___ EXERCISE DATA
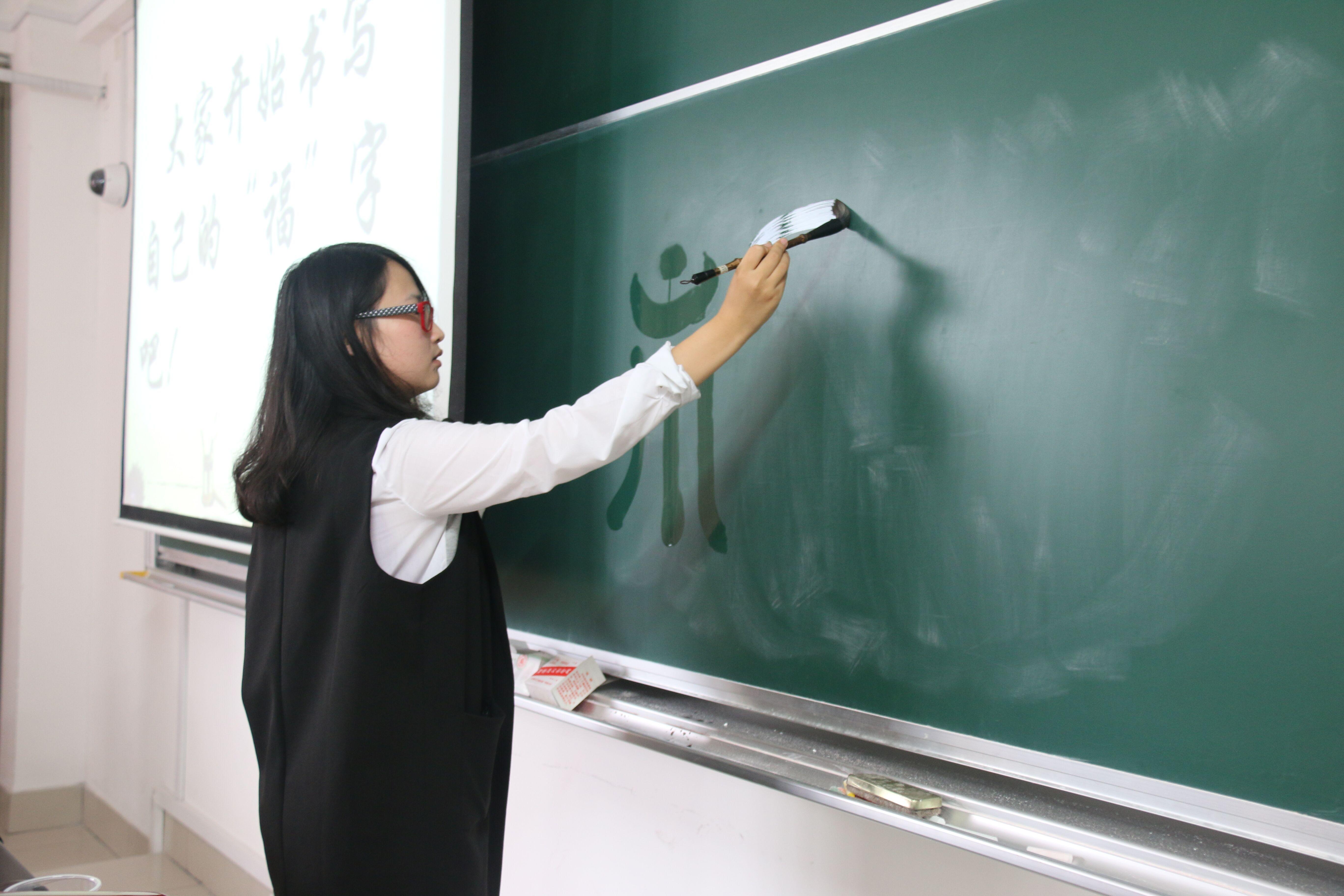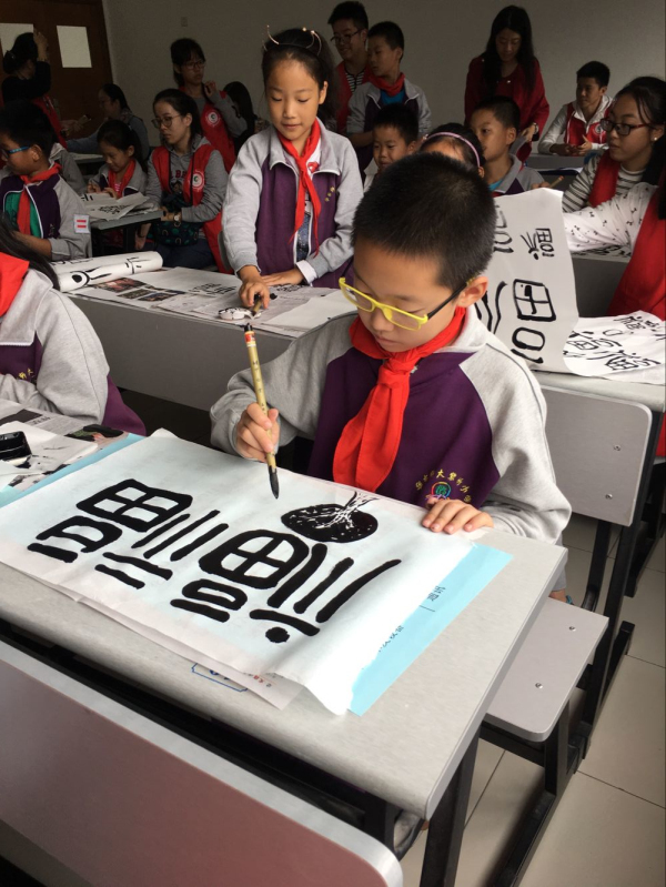 课堂以走近中华传统文化、学习书法开始,由书法社志愿者向小朋友们介绍书法必备之“文房四宝”,展示了笔墨纸砚的分类、功用。让了解或是不了解书法的同学都有了一个详细的认识。为了进一步品绎中华文化,小朋友们拿起了毛笔,在志愿者们的指导下亲自挥毫,写下了“福”字,写出美好祝愿,体验书法之美。
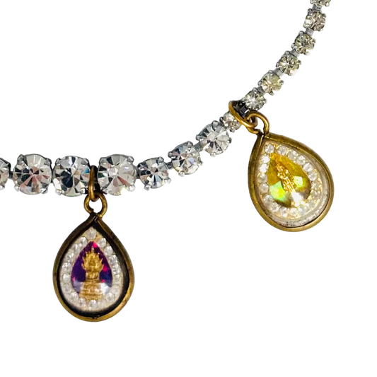 Vintage Diamanté Pear Drop Necklace with Four Buddha Talismans
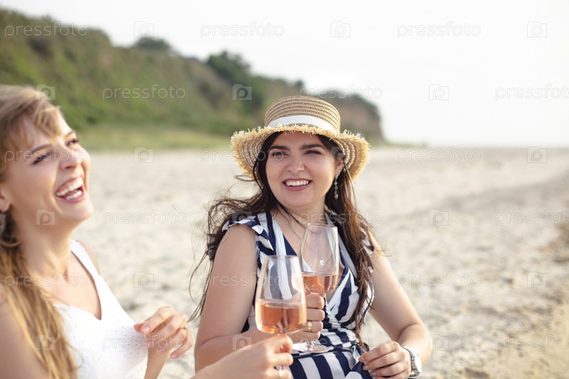 Счастливые взрослые женщины с вином отдыхают на пляже
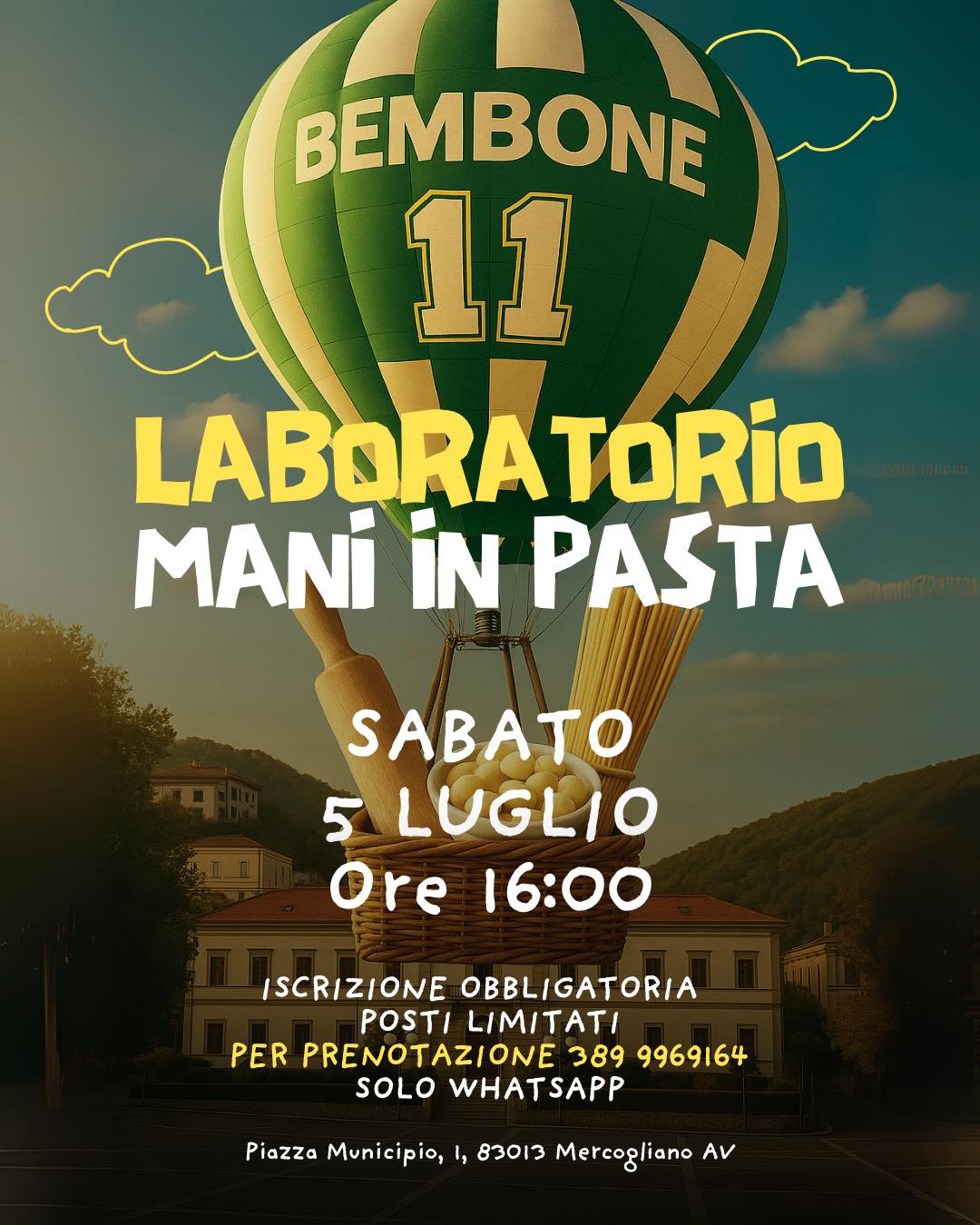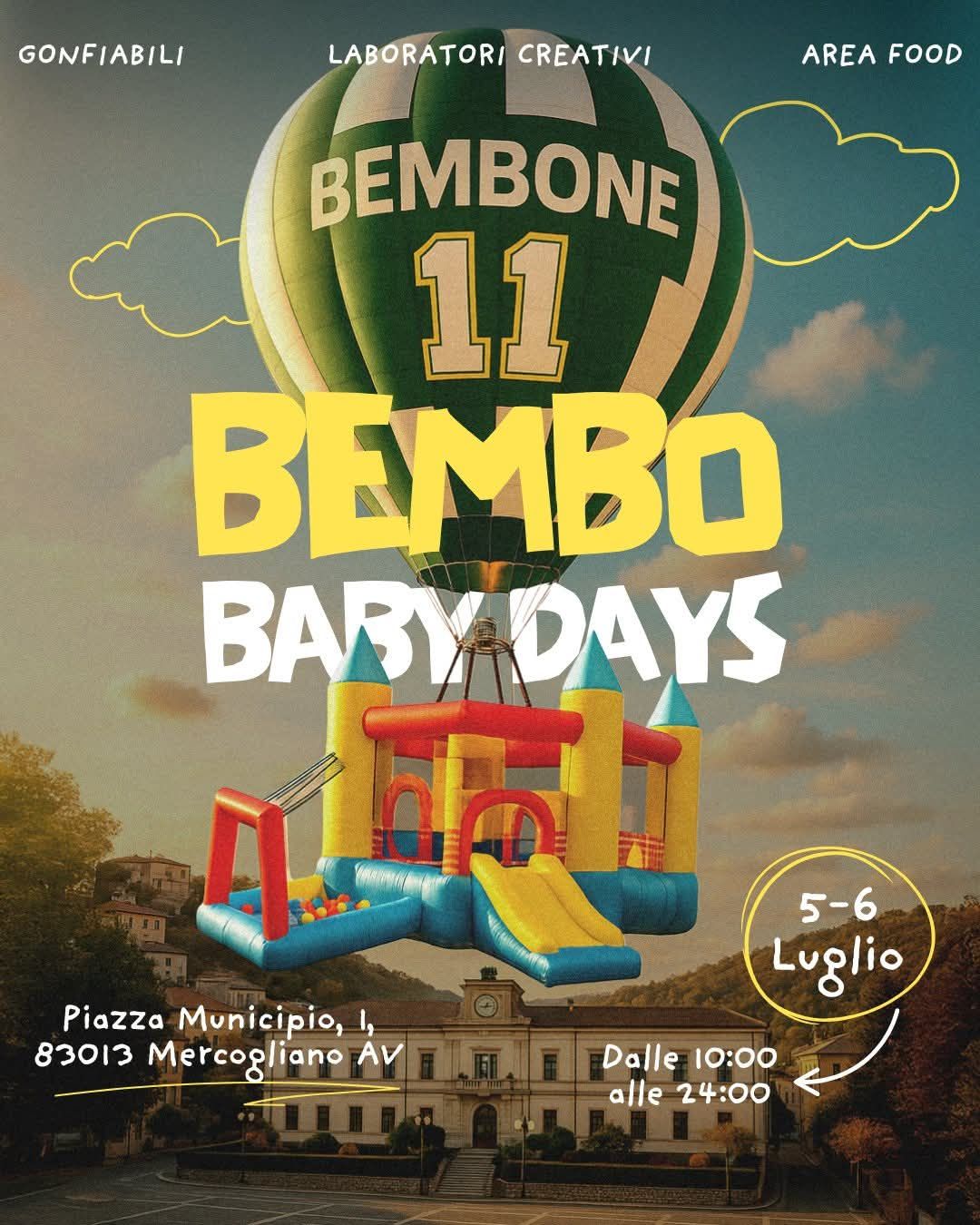 Piazza Municipio a Mercogliano si trasforma in un parco giochi a cielo aperto nelle giornate di sabato 5 e domenica 6 luglio  dalle ore 10:00 alle 24:00 con "Bembo Baby Days".
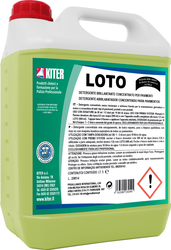LOTO tan.lt.5 è un detergente concentrato a bassa schiuma, adatto per la pulizia rapida di tutti i pavimenti duri lavabili. Garantisce superfici brillanti senza lasciare residui o aloni. Il profumo floreale dona freschezza agli ambienti. Ideale per uffici, scuole, hotel e comunità, può essere utilizzato con mop o lavasciuga, senza necessità di risciacquo. Indicato per uso professionale. Confezione da 5 litri.
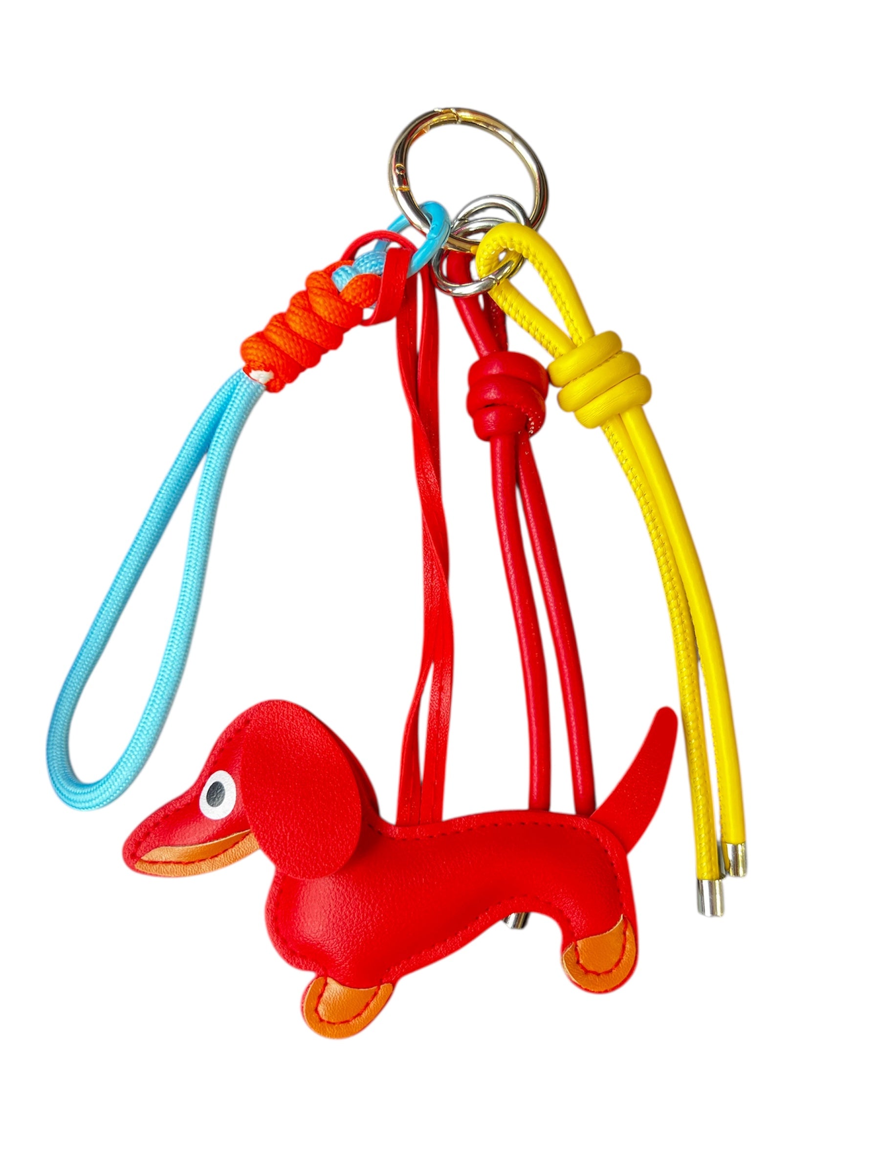 Комбинация от висулки за чанта в червено, синьо и жълто.
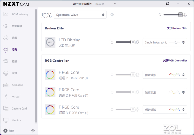 不过NZXT CAM最吸引人的地方,就是对于散热器视觉效果的自定义。在灯光控制中,既可以设置单个风扇的颜色和效果,也可以三个风扇整齐划一,同时还提供了诸如波形、呼吸、彩虹等灯效,在自定义场景中还可以设定每个风扇的亮度。
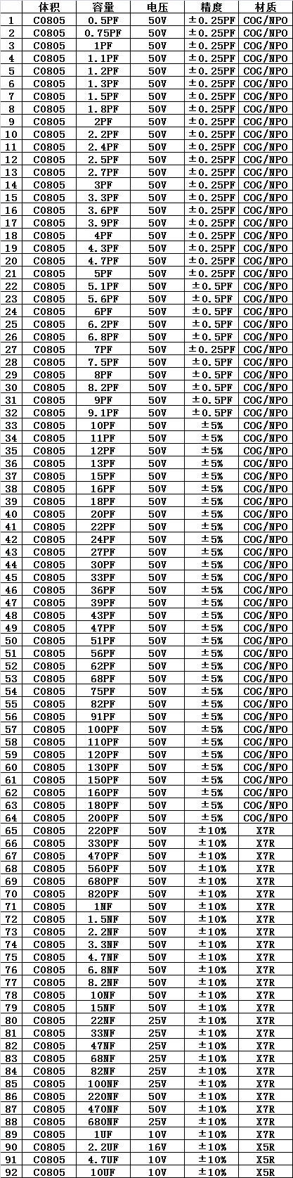 Libro de muestra de condensador 0805 SMD
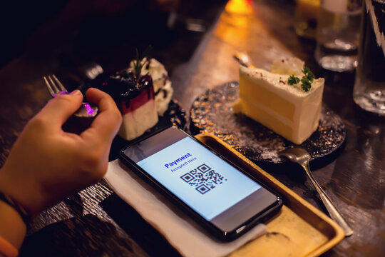 Selective focus to QR code payment tag on smartphone with blurry cake and dessert in restaurant for accepted generate digital pay without money. Qr code payment concept.
______
Please transcribe the listing exactly as it stands, but omit its pictures.

 课堂以走近中华传统文化、学习书法开始,由书法社志愿者向小朋友们介绍书法必备之“文房四宝”,展示了笔墨纸砚的分类、功用。让了解或是不了解书法的同学都有了一个详细的认识。为了进一步品绎中华文化,小朋友们拿起了毛笔,在志愿者们的指导下亲自挥毫,写下了“福”字,写出美好祝愿,体验书法之美。
 Vintage Diamanté Pear Drop Necklace with Four Buddha Talismans
 Счастливые взрослые женщины с вином отдыхают на пляже
 Piazza Municipio a Mercogliano si trasforma in un parco giochi a cielo aperto nelle giornate di sabato 5 e domenica 6 luglio  dalle ore 10:00 alle 24:00 con "Bembo Baby Days".
LOTO tan.lt.5 è un detergente concentrato a bassa schiuma, adatto per la pulizia rapida di tutti i pavimenti duri lavabili. Garantisce superfici brillanti senza lasciare residui o aloni. Il profumo floreale dona freschezza agli ambienti. Ideale per uffici, scuole, hotel e comunità, può essere utilizzato con mop o lavasciuga, senza necessità di risciacquo. Indicato per uso professionale. Confezione da 5 litri.
 Комбинация от висулки за чанта в червено, синьо и жълто.
 不过NZXT CAM最吸引人的地方,就是对于散热器视觉效果的自定义。在灯光控制中,既可以设置单个风扇的颜色和效果,也可以三个风扇整齐划一,同时还提供了诸如波形、呼吸、彩虹等灯效,在自定义场景中还可以设定每个风扇的亮度。
 Libro de muestra de condensador 0805 SMD
 Selective focus to QR code payment tag on smartphone with blurry cake and dessert in restaurant for accepted generate digital pay without money. Qr code payment concept.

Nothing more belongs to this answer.